Unless you postulate something that combines both "is" and "ought" - a Creator who is also the Lawgiver.

Now you certainly don't have to share that view, and being of a sceptical cast of mind I can't proclaim such a belief - nor its opposite.

There seems to be a fashion - a fad - for atheism in circles that think themselves sophisticated, and there must be a certain degree of fun in "bugging the squares" with bollocks about "embracing the dark". However, I don't think such people really follow their train of thought to its logical conclusion - as Mao did. Somebody once repeated to him the ethical principle that you should do unto others as you would wish them to do unto you, and he said it was his principle to do to others exactly what he did not wish them to do to himself. Is that where they wish to go? If not, perhaps we could have a little less preaching the darkness to the young in children's books.
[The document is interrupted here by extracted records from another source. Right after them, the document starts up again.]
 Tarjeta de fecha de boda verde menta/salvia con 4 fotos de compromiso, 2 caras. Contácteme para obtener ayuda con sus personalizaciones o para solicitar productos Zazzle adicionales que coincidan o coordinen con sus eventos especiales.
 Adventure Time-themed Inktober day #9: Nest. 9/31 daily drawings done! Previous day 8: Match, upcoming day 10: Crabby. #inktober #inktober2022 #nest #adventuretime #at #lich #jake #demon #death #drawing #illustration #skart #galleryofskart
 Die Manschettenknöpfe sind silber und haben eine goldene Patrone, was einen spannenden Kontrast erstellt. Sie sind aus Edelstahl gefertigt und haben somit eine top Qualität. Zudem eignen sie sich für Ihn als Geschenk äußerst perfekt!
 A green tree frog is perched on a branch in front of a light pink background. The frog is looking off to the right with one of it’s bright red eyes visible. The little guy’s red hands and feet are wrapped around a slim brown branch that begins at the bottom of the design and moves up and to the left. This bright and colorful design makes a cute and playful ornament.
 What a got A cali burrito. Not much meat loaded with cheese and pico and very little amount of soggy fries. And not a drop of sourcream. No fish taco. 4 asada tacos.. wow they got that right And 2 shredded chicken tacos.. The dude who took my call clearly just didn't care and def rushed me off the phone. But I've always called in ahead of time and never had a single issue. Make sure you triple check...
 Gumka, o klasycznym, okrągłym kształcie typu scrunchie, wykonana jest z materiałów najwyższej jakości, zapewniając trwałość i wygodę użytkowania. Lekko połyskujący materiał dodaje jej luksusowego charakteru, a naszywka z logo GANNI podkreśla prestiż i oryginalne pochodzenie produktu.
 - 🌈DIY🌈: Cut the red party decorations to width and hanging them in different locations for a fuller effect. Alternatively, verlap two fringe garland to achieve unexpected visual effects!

Back to relativism: remember Jesus' parable about the houses built on rock and on sand. On some things, there is no compromise, because otherwise there is nothing at all. I think - I fear - that this century will see a clash, not between Christianity and Islam, but between Islam and Marxism. It's happened already in Iran - the lefty students connected with the religious right to overthrow the Shah, and then found themselves in the firing line shortly after. Libya seem to me an uncomfortable mixture of Islam and Marxism - I spent time trying to argue with Libyan students in the seventies, about Northern Ireland, of which they knew virtually nothing.

But I'm also reminded of the saying that you should remove the beam from your own eye before taking the mote out of your fellow's. If we concentrate on the moral precepts on which we agree, and defer the bloody conflict until we've made ourselves perfect according to our own rules, then perhaps the clash can be deferred forever.